(428b) Effect of Interfacial Forces on Mixing and Dispersion of Bubbles in Pipe Flows

Modelling the polydispersity features, e.g. size distribution, of the disperse phase is one of the crucial aspects of multiphase mixing simulations. Knowledge of the properties of the disperse phase is essential for accurate estimation of the interfacial heat and mass transfer occurring in practical and industrial mixing applications. In this regard, the population balance model coupled with the computational fluid dynamics, namely CFD-PBM, is a powerful tool for studying the evolution of the properties of the disperse phase and its interactions with the continuous phase.

Concerning the CFD, adopting the Eulerian-Eulerian framework, called Two-fluid model, is currently the only viable choice if the simulation target is the industrial-scale equipment. However, the performance of the two-fluid model depends strongly on the relations required to close the averaged field equations. The closure relations relevant to the momentum balance equation are termed as interfacial forces including mainly drag, lift, turbulent dispersion and wall lubrication forces. However, these models were mostly developed through simplistic theoretical/experimental methods that limits their applicability. Among the mentioned forces, lift and wall lubrication forces have been provoking ongoing debate over their physical explanation and corresponding suggested models.

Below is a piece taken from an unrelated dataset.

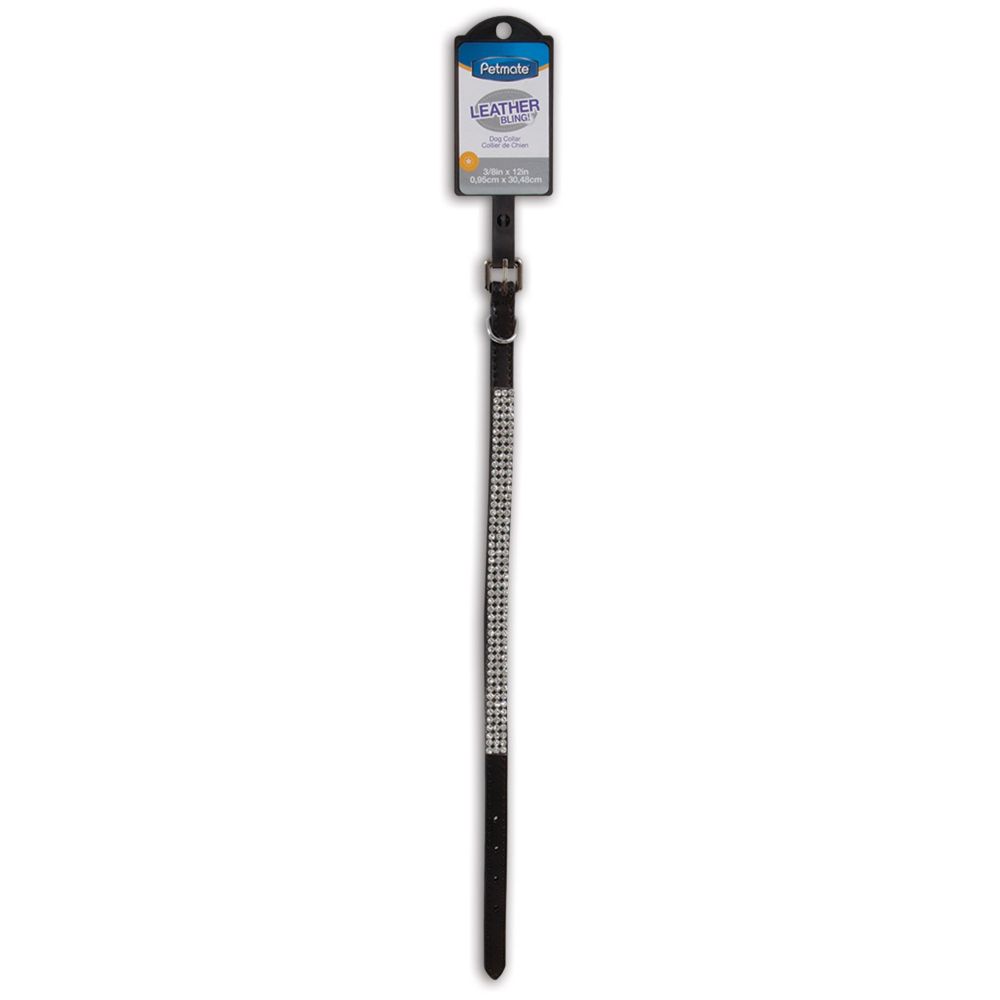 Petmate - Bling Leather Dog Collar 3/8" X 12" Black

In this work, the performance of two recent combinations of models proposed for the lift and wall lubrication forces are compared with each other using mono-disperse approach in a bubbly air/water two-phase system. Moreover, the potential for improving the results through adjustment of the lift coefficient is demonstrated. In the second part, the evolution of the bubble size distribution (BSD) is evaluated by employing the PBM method coupled with the Two-fluid model using the best setting for the interfacial forces. Eventually the results are compared with experimental data available.